À mesure que les projets d'ingénierie systèmes se complexifient, le choix des outils de modélisation devient stratégique : comment garantir la portabilité des modèles, éviter le verrouillage propriétaire et fluidifier la collaboration entre équipes ? Cet article explore comment les standards ouverts comme SysML structurent une architecture d'entreprise plus résiliente et durable.
Le défi de l’hétérogénéité des outils MBSE
Les projets d’ingénierie systèmes mobilisent aujourd’hui des équipes pluridisciplinaires qui ne travaillent pas toutes avec les mêmes outils de modélisation. Cette hétérogénéité, longtemps perçue comme une contrainte technique mineure, devient un enjeu central dès lors que les modèles doivent circuler entre bureaux d’études, sous-traitants et partenaires industriels.
Un modèle conçu dans un environnement propriétaire perd souvent une partie de sa richesse sémantique lorsqu’il est exporté vers un autre outil. Les relations entre exigences, la traçabilité fonctionnelle et les vues d’architecture ne survivent pas toujours à la conversion.
Un modèle qui ne peut être ouvert que par un seul éditeur n’est plus un patrimoine d’ingénierie : c’est une dépendance contractuelle déguisée en actif technique.
SysML et les standards OMG face aux suites propriétaires
Le langage SysML, porté par l’Object Management Group, propose un socle commun pour décrire l’architecture, le comportement et les exigences d’un système. Son adoption par un nombre croissant d’éditeurs permet aujourd’hui d’envisager des chaînes d’ingénierie multi-outils sans rupture de sens entre les modèles.
Cette normalisation ne se limite pas à un format d’échange : elle structure une véritable grammaire commune que les équipes peuvent s’approprier indépendamment de la solution logicielle retenue, réduisant ainsi le coût de formation et de bascule d’un outil à l’autre.
L’échange de modèles comme garantie de pérennité
Au-delà de la conformité au standard, la capacité réelle d’un outil à importer et exporter des modèles complets sans perte de traçabilité conditionne la pérennité des investissements de modélisation sur le long terme. Une entreprise qui change d’éditeur ne devrait jamais perdre l’historique de ses décisions d’architecture.

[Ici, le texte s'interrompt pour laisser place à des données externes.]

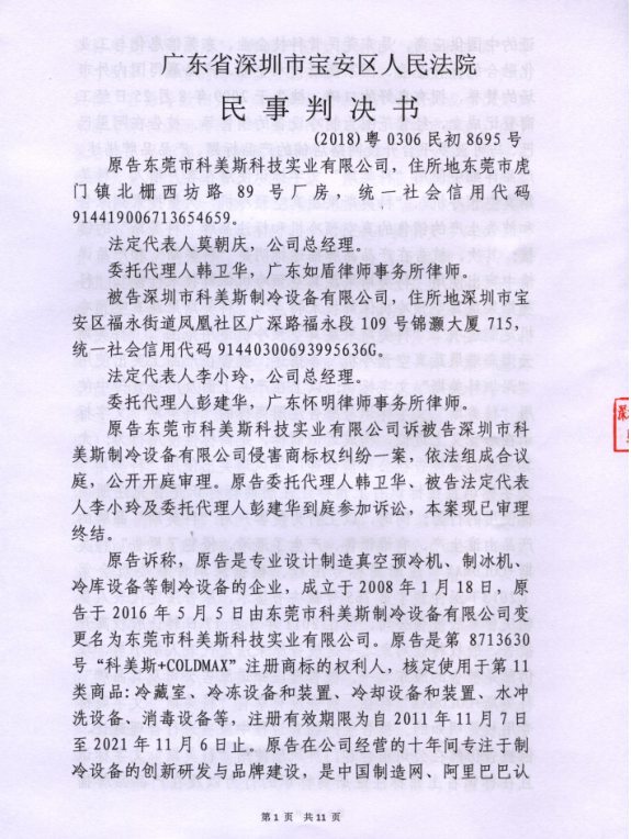 科美斯主要產(chǎn)品有果蔬真空預(yù)冷機、熟食真空快速冷卻機、冷庫系列、制冰機系列(塊冰機、管冰機、片冰機等)、農(nóng)業(yè)設(shè)備系列(自走式噴灌系統(tǒng)、滴灌帶、播種機),以上產(chǎn)品是科美斯基于2002年起積累的行業(yè)經(jīng)驗及技術(shù),并獲得多項專利;科美斯的客戶遍布全球,每年向全世界供應(yīng)超過100套制冷保鮮設(shè)備,先后在北美和墨西哥成立分公司,在俄羅斯、芬蘭、伊朗等國家設(shè)立代理商,為全球客戶提供快速完善的售后保障服務(wù)!科美斯分別于2011年、2014年和2016年在中國、澳大利亞及歐盟成功注冊“科美斯 COLDMAX”商標(biāo),并在全系產(chǎn)品使用,未授權(quán)任何其他公司使用該商標(biāo)。任何同類型的自稱“科美斯”的公司,或私自使用了“科美斯 COLDMAX”商標(biāo)的產(chǎn)品皆是抄襲或打擦邊球來混淆市場,并已對科美斯(東莞市科美斯科技實業(yè)有限公司(曾用名稱:東莞市科美斯制冷設(shè)備有限公司)及廣東科美斯農(nóng)業(yè)設(shè)備有限公司)造成了名譽和經(jīng)濟損失,我司科美斯已經(jīng)通過法律途徑維護合法權(quán)益,并成功勝訴!
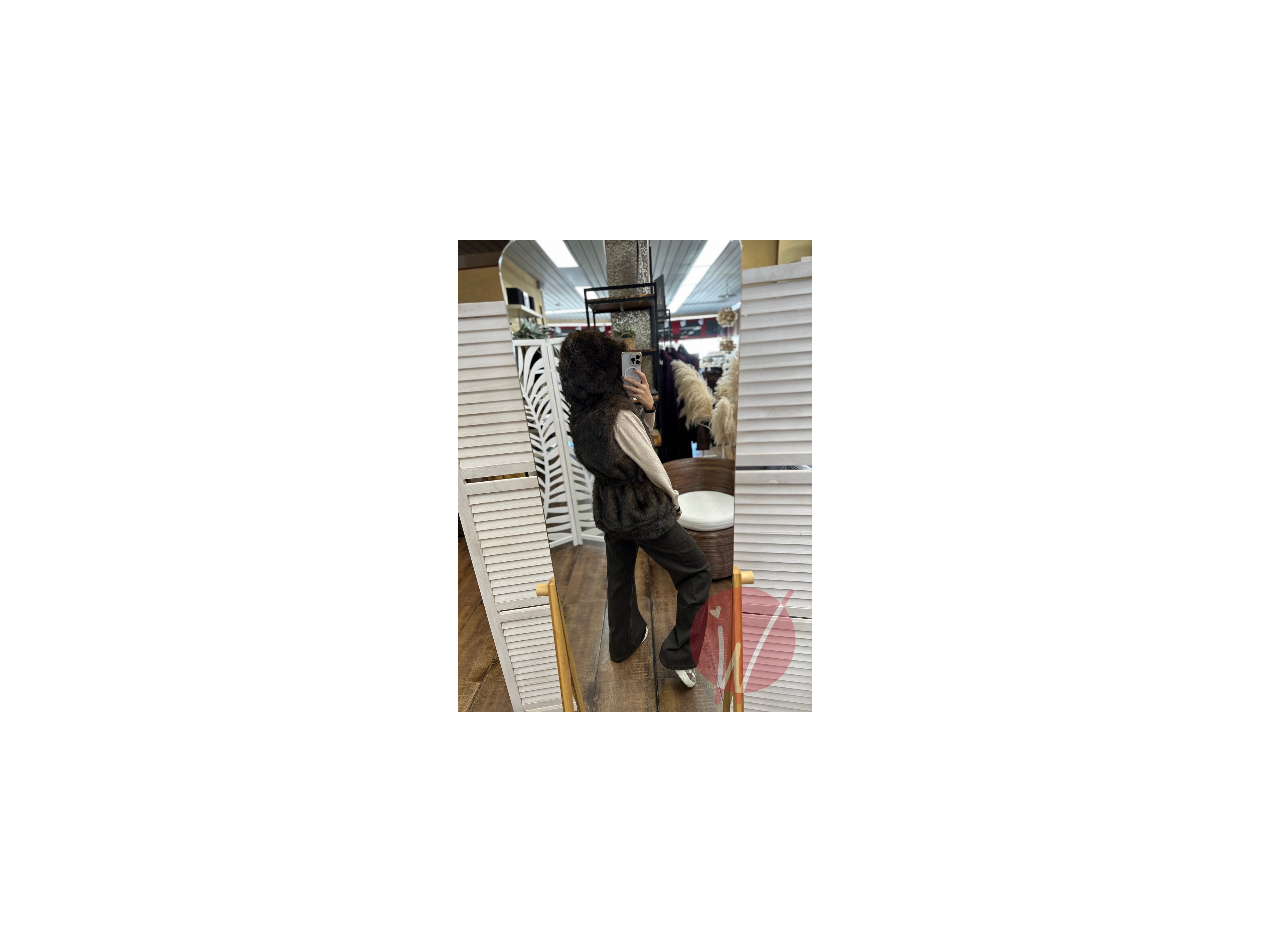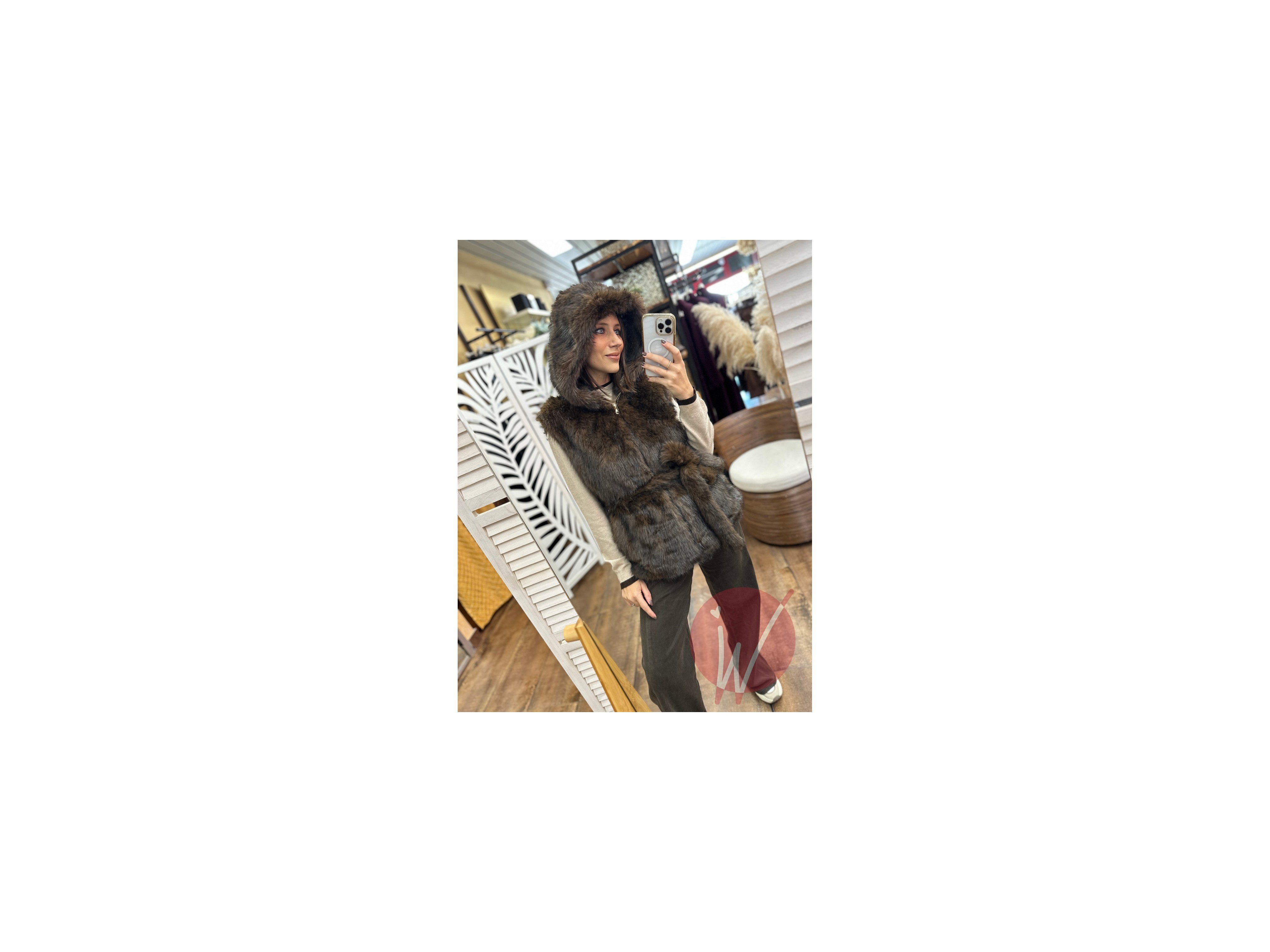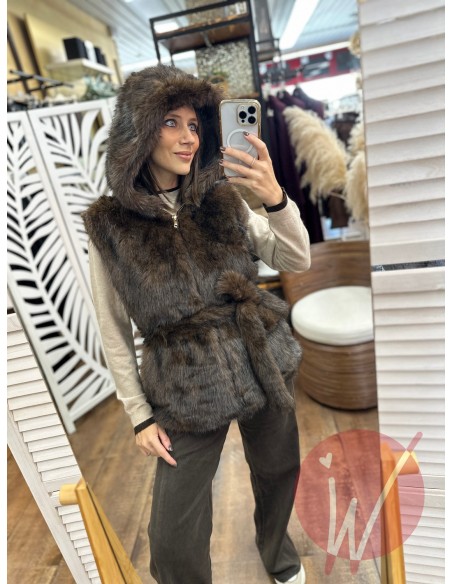 Ecopelliccia smanicata foderata all'interno, con cappuccio e cintura, tasche in piedi laterali, chiusura con zip.
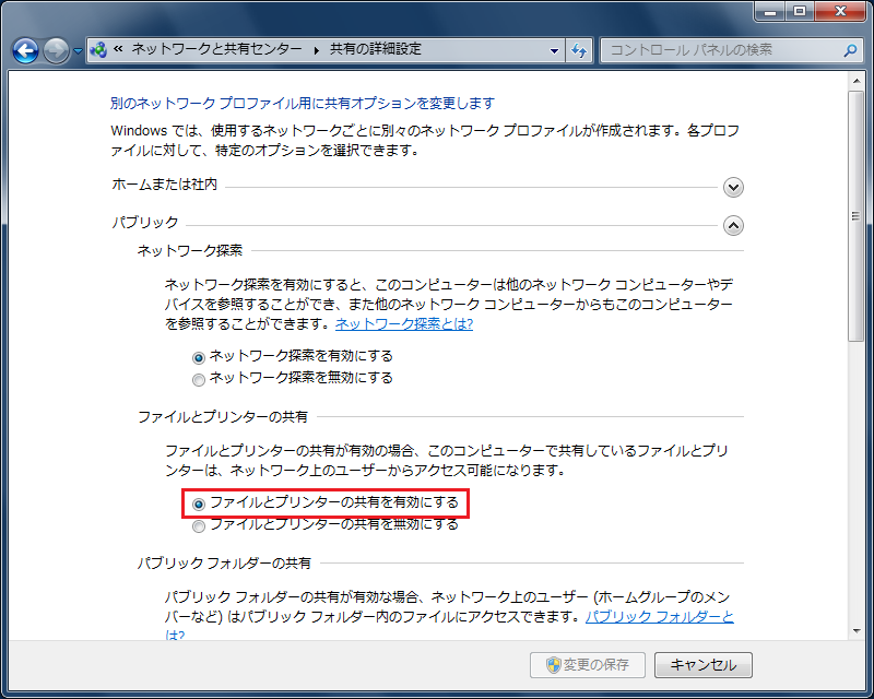 - 「ホームまたは社内」同様、「パブリック」の項目の以下の設定がすべて「有効」になっているかどうかを確認します。

La portabilité d’un modèle se mesure à ce qu’il reste après l’export, pas à ce qu’il contenait avant.
Vers une chaîne d’ingénierie ouverte et évolutive
Adopter une approche fondée sur des standards ouverts ne signifie pas renoncer à la performance ou à l’ergonomie des outils. Cela signifie construire une architecture d’entreprise capable d’évoluer au rythme des besoins métiers, sans que chaque changement d’outil ne remette en cause des années de travail de modélisation.
Questions fréquentes
Qu'est-ce que le MBSE (Model-Based Systems Engineering) ?
Le MBSE est une approche d'ingénierie systèmes qui place le modèle — et non le document — au centre du cycle de conception. Il structure exigences, architecture et comportements dans un référentiel unique et traçable.
Pourquoi privilégier SysML plutôt qu'un format propriétaire ?
Non : les éditeurs peuvent enrichir SysML avec des fonctionnalités propres tout en conservant une base de modélisation exportable. La normalisation porte sur l'échange, pas sur les capacités de l'outil.
Comment évaluer l'interopérabilité réelle d'un outil MBSE ?
Le critère le plus fiable est le test d'aller-retour : exporter un modèle complexe puis le réimporter dans un autre outil conforme au standard, en vérifiant qu'aucune relation ni exigence n'est perdue au passage.